SUPPLIED DATA:
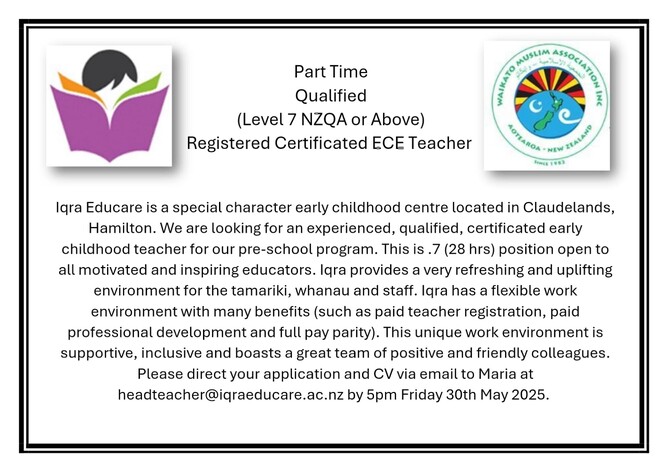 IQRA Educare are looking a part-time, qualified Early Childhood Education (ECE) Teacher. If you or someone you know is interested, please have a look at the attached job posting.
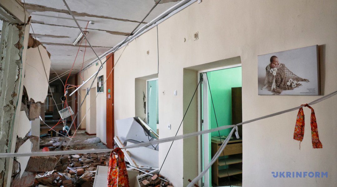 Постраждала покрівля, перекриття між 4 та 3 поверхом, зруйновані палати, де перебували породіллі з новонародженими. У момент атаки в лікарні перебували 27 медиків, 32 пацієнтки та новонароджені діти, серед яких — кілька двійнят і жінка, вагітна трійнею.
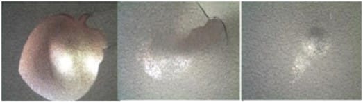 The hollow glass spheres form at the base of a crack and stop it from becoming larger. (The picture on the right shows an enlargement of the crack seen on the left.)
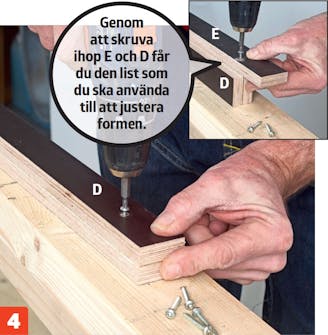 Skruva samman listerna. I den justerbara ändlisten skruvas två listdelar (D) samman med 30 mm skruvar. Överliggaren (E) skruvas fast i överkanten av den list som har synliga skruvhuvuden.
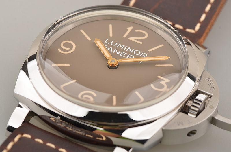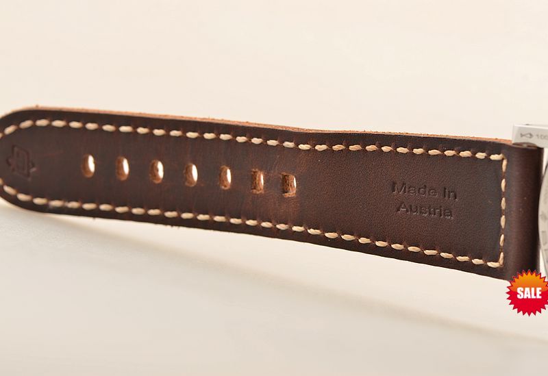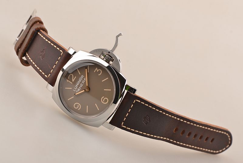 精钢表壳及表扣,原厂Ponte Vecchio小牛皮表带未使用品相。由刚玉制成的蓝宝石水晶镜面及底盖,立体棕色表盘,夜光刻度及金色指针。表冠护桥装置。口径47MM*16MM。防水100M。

YOUR TASK: Return each of the lines exactly as they appear above, with no images.

EXPECTED ANSWER:
 IQRA Educare are looking a part-time, qualified Early Childhood Education (ECE) Teacher. If you or someone you know is interested, please have a look at the attached job posting.
 Постраждала покрівля, перекриття між 4 та 3 поверхом, зруйновані палати, де перебували породіллі з новонародженими. У момент атаки в лікарні перебували 27 медиків, 32 пацієнтки та новонароджені діти, серед яких — кілька двійнят і жінка, вагітна трійнею.
 The hollow glass spheres form at the base of a crack and stop it from becoming larger. (The picture on the right shows an enlargement of the crack seen on the left.)
 Skruva samman listerna. I den justerbara ändlisten skruvas två listdelar (D) samman med 30 mm skruvar. Överliggaren (E) skruvas fast i överkanten av den list som har synliga skruvhuvuden.
 精钢表壳及表扣,原厂Ponte Vecchio小牛皮表带未使用品相。由刚玉制成的蓝宝石水晶镜面及底盖,立体棕色表盘,夜光刻度及金色指针。表冠护桥装置。口径47MM*16MM。防水100M。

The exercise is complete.